Shibamoyo vs Soares【写真】先制点を取って、その差をリードして勝つ。芝本を相手にタリソンは、その王道というべき試合運びで決勝進出を決めた(C)IBJJF

21日(現地時間・火曜)から26日(同・日曜)にかけてポルトガル、リスボンにあるパヴィラォン・ムルチウソス・ジ・オジヴェラスにてIBJJF(国際柔術連盟)主催のヨーロピアンオープン柔術選手権が開催された。

ヨーロッパを中心に、各国から強豪が参戦するこの大会。レビュー第3回は、世界選手権にも匹敵するほどの超激戦区となったルースター級準決勝から、超新星タイソン・ソアレス✖芝本幸司の対戦をレポートしたい。


<ルースター級準決勝/10分1R>
タリソン・ソアレス(ブラジル)
Def. by 8-6
芝本幸司(日本)

両者引き込みから、上を選択してアドバンテージを獲得したのはソアレス。右手で襟を掴む芝本は、強烈に引きつけながらソアレスの体を大きく跳ね上げてのスイープを狙う。ソアレスが倒立するようにバランスを保って立つと、芝本もその勢いで立ち上がってのテイクダウンに移行する。が、巧妙に切ったソアレスが改めて引き込みなおす。
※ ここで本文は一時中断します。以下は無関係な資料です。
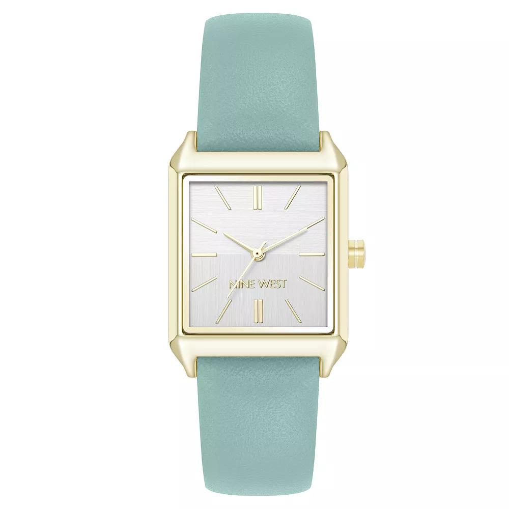 Refresh your style with the Nine West Womens Gold Tone Square Case Watch with a mint strap. The cool mint strap and warm gold-tone case combine for a fresh and trendy aesthetic. Click on this JEWELRY & WATCHES GUIDE to learn about fit, styles, materials and more!Refresh your style with the Nine West Womens Gold Tone Square Case Watch with a mint strap. The cool mint strap and warm gold-tone case combine for a fresh and trendy aesthetic. Click on this JEWELRY & WATCHES GUIDE to learn about fit, styles, materials and more!FEATURES 24 mm x 29 mm polished rectangular alloy case with a lacquer finish offers a sleek and modern look Silver-white two-zone brushed dial with gilt stick markers adds elegance and readability Polished stainless steel buckle with laser-engraved Nine West logo provides a secure closure Gilt stick hands with pointed ends and sweep movement enhance readability and sophisticationDISPLAY Face cover material: mineral crystalCASE Material: metal alloy Caseback material: stainless steel Diameter: 24 mmBAND Band type: strap Material: vegan leather Clasp: buckle Lug width: 16 mm Band length: 140 mm - 175 mmDETAILS Movement: quartz Power: battery Water resistance: splash-proof Packaging: boxed Imported Manufacturers lifetime limited warranty: For warranty information please click here Size: One Size. Color: Multi. Gender: female. Age Group: adult.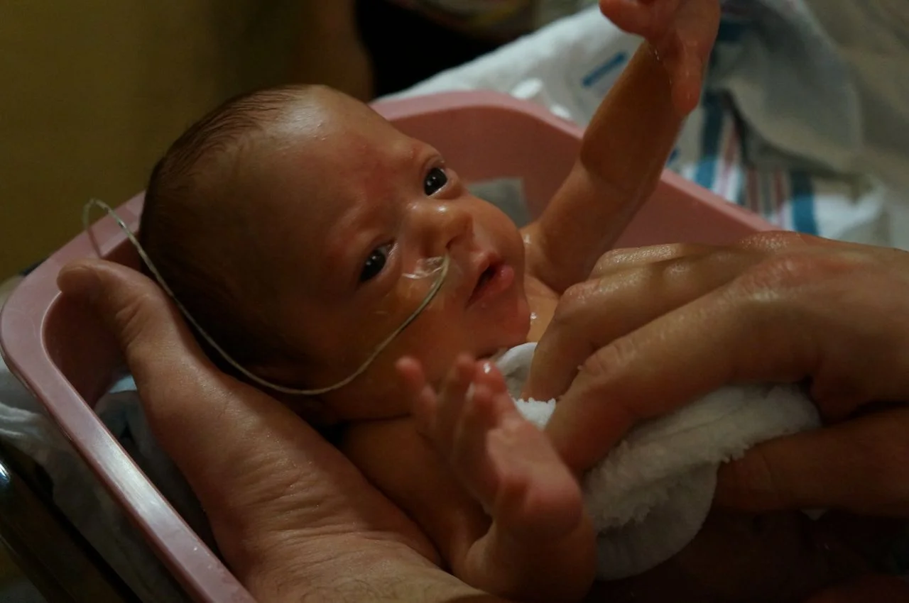 It was bath time for sweet Hattie tonight. We're grateful Hattie likes the bath because we've been told a lot of preemies have sensory overload when they get in the water.

体捌きの上手さを見せたソアレスが、アドバンテージを先行したまま下のポジションを獲得──このままシーソーで上下が入れ替わり続けても勝利は動かないという有利な状況を早くも作ってみせた。

シッティングを取ったソアレスは、芝本の右足を捕まえるとすかさずベリンボロで回転。上を取って2-0とした。だが芝本も下からソアレスの右足を抱え、さらに左足のズボンも掴んで起き上がって上を取り返し、スコアは2-2に。が、ソアレスもシットアップであっさり再び上となり、スコアは4-2となる。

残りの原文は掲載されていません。